Green with guilt. Thats how I feel right now. Not green with envy but green with guilt. Since green is the color for lyme, everything seems to take on a green tint from my perspective. I am still working through trying not to make everything in my life revolve around this stupid illness but right now it does. It is very hard to not have a conversation where lyme comes up. "How are you feeling?" someone asks, I start jerking or twitching, I have to take a bath to help ease my pain, I can't have a coffee now because I just took my meds, I have to eat now so I can take my meds...on and on it seems to go. Believe though, I am trying to not talk about it so much, to not complain, to not share to much info. I try and remember when most people ask how I am feeling or doing they are just being nice and don't want a full update on all my latest aches and pains.

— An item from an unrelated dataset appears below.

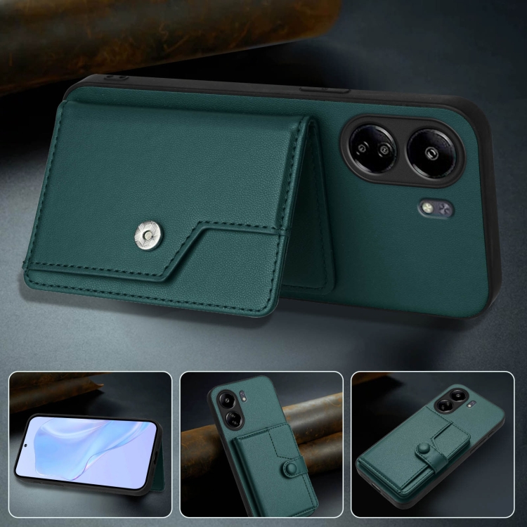 Funda para Teléfono con Botón y Tarjeta Rfid Antirrobo para Redmi 13C 4G Global (Verde)

Now to where the guilt comes in. I am much more of a giver than a taker. I think part of it is just being a woman. We like to nurture people and take care of them. Part of it is just me. Now I am not by any means a great housekeeper or cook or anything like that. At the same time though things that I may normally attempt to do, enjoy doing, or feel are my reponsibility I have a hard time when anybody else does them. That includes my husband and it doesn't usually matter why they are doing them. With that being said, it has just caused me tremondous guilt to have to be down and out and rely on my husbad so much for things I normally do. I don't like not functioning at my full capacity and when I just can't and he has to or my mom or dad has to help it is beyond frusterating. The worst part is, this is only the begining. I can still get up and tend to some if not all of my normal day. If I end up being down for a significant period of time Lord knows how difficult that is going to be.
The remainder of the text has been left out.